Since the mixture of implicit and explicit creation of events and linking them to volumes can sometimes become a bit unintuitive (see the documentation of create_event() or the source code of EventIndex.load() for the gory details), it's best to ensure that:

  1. The EventIndex has been loaded before creating a new event (e.g. by running anthology.events.load() or anthology.load_all()).
  2. Any volumes in the same collection are explicitly added to the event via event.add_colocated(volume).

Connecting to venues and SIGs

Volumes can be connected to venues by modifying the volume's venue_ids list. New venues can be added by calling VenueIndex.create(), which will also create a corresponding YAML file upon saving. Afterwards, the ID used when instantiating the venue can be used in a volume's venue_ids.

TODO: connecting to SIGs; we may want to refactor how SIGs are represented before introducing this functionality.

Saving changes

Rule of thumb

Call anthology.save_all() to save all metadata changes.
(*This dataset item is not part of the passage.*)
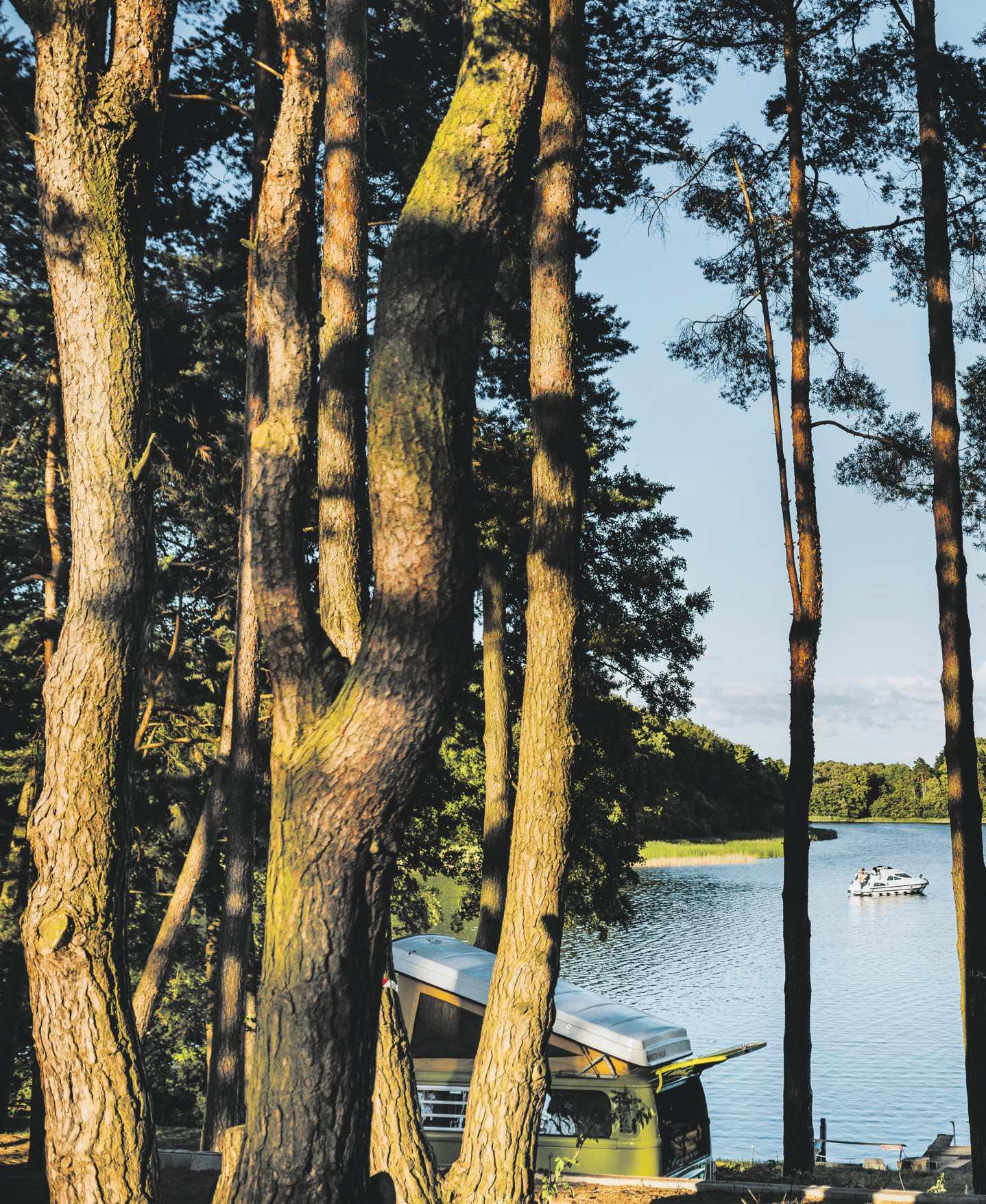 Auch das Abendessen wird nach Möglichkeit im Freien eingenommen, und bevor der blaue Pieper vom Bistro signalisiert, dass die Bestellung fertig ist, wollen alle noch schnell eine Runde toben. Das Essen – Pizza, Pommes oder Kartoffelsuppe mit Würstchen – ist deutlich über Imbissdurchschnitt. Ich entscheide mich für einen Klassiker mit eigenem Dreh: Fritten mit Chili con Carne. Dazu wird Grauburgunder empfohlen. Und am nächsten Tag gibt es Fritten mit indischem Curry. Kindergeburtstagsgefühl zum Sommerende. Stillsitzen und lesen, das schaffe ich das ganze Wochenende über nicht lange. Dieses Camperding ist ansteckend. Ich überlege, wie warm wohl das Wasser des Sees noch ist (warm genug), ob ich zuerst nach einem Kanu frage oder nachsehe, ob es den ominösen Zilpzalp-Wanderweg wirklich gibt, von dem ich gelesen habe. Wahrscheinlich hätte ich auch ein Holzhack- oder Löffelschnitzseminar gebucht, wenn es hier solche Kurse gäbe. Vielleicht liegt es am rauschenden Schwanken der Kiefern oder einfach nur an den ganzen Naturmaterialien, dass mir mein Tiny House nicht wie eine Klause aus Thoreaus Walden vorkommt, sondern wie ein Eichhörnchenkobel de luxe (welches Eichhorn hat schon Heizung, Kühlschrank und Kochplatte). Jedenfalls ist das in Canow schnell meine Gemütslage: bright-eyed and bushy-tailed, eine Wendung, die das Quietschfidele genau diesem Tier zuordnet und eine herrliche Neigung zu Unfug, Betriebsamkeit und Erlebnishunger beschreibt. Schon will ich wieder ins Freie.

Calling save_all() will write XML and YAML files to the Anthology's data directory, with the following caveats:

  • Collections will track if they have been modified to prevent writing XML files unnecessarily.

  • Saving a collection manually can be done by calling Collection.save().

  • Saving a collection uses a minimal-diff algorithm by default to avoid introducing "noise" in the diffs, i.e. changes to the XML that do not make a semantic difference, such as reordering certain tags, attributes, or introducing/deleting certain empty tags. It is also guaranteed to be non-destructive through integration tests on the entire Anthology data.

  • YAML files will always be written. Serializing all YAML files is much faster than serializing all XML files, so they are written unconditionally, without tracking changes.